The court preserved one ruling in Respondents’ favor: Ordinance 619.501, which requires the owner of “the area proposed” to join an application for rezoning, required only the Alliance as owner of the parcel subject to the proposed change — not all three Mercom PD parcel owners — to submit the application. This was a pure question of ordinance construction resolvable at the dismissal stage.
The court declined to reach Appellants’ argument that County Council failed to resubmit the zoning changes to the Planning Commission before final passage under § 6-29-760(A), finding the issue unpreserved because it was raised for the first time on appeal in a different form than it was presented below.
Key Takeaways
- A Rule 12(b)(6) motion to dismiss is not the appropriate vehicle for resolving whether a zoning decision was arbitrary or whether a comprehensive plan’s requirements were satisfied when factual development of the record is needed. South Carolina courts should not decide these issues on the face of the pleadings.
- The principle that a comprehensive plan is “only a guideline” (from McClanahan v. Richland County Council, 350 S.C. 433 (2002)) does not mean that a county’s departures from its comprehensive plan can never form the basis of a legal challenge. Where passed ordinances — not merely the plan itself — are the subject of review, the plan’s consistency requirements remain a relevant factual issue at trial.
- Neighboring property owners and community organizations alleging specific harms (reduced property values, infrastructure burden, stormwater, traffic, disparate community impact) adequately state the constitutional deprivation required to challenge a zoning ordinance under Knowles v. City of Aiken, 305 S.C. 219 (1991), at the pleading stage.
- Whether a planned development district approved in 2008 was lawfully constituted as a multi-use PD under § 6-29-720(C)(4) is a factual question that cannot be resolved on a motion to dismiss when the record is undeveloped. See Sinkler v. County of Charleston, 387 S.C. 67 (2010) (invalidating a PD ordinance that lacked required mixed uses).
Why It Matters
Powers v. Georgetown County is a companion to two other Court of Appeals decisions issued the same day — Bryant v. Georgetown County (2026-UP-282) and Michael T. Green v. Georgetown County (2026-UP-288) — which reversed circuit court dismissals of challenges to other Georgetown County development approvals on Enabling Act grounds. Together, the three decisions signal a robust judicial appetite for subjecting Georgetown County’s development approval process to statutory and constitutional scrutiny, with at least some claims surviving to the merits stage even in unpublished form.

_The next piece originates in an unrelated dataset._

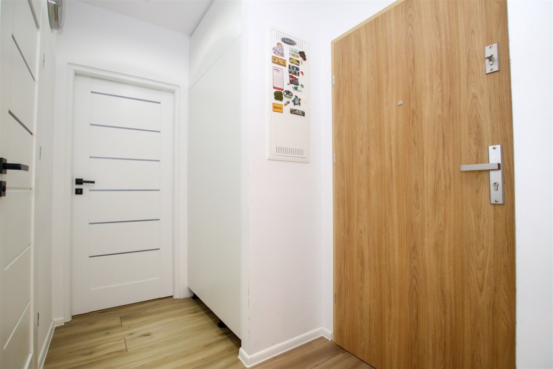 Lokal o powierzchni 38,06 m² znajduje się na czwartym piętrze nowoczesnego, pięciokondygnacyjnego budynku z windą. Do mieszkania przynależy prywatne, wyznaczone miejsce parkingowe.

Powers is notable for its treatment of the “guideline only” characterization of comprehensive plans. Practitioners have historically relied on McClanahan for the proposition that comprehensive plans lack enforceable legal force. The court here distinguishes McClanahan sharply: that case involved a challenge to the plan itself as a taking; here, the challenge is to County Council’s inconsistent ordinances, which are law, and the Planning Commission’s unanimous contrary recommendation provides factual grounds for a non-frivolous arbitrariness claim that must survive the pleading stage. Landowners challenging zoning decisions should plead both the statutory-authority and the arbitrary-action theories carefully, with specific factual allegations about the discrepancy between the comprehensive plan and the challenged ordinance.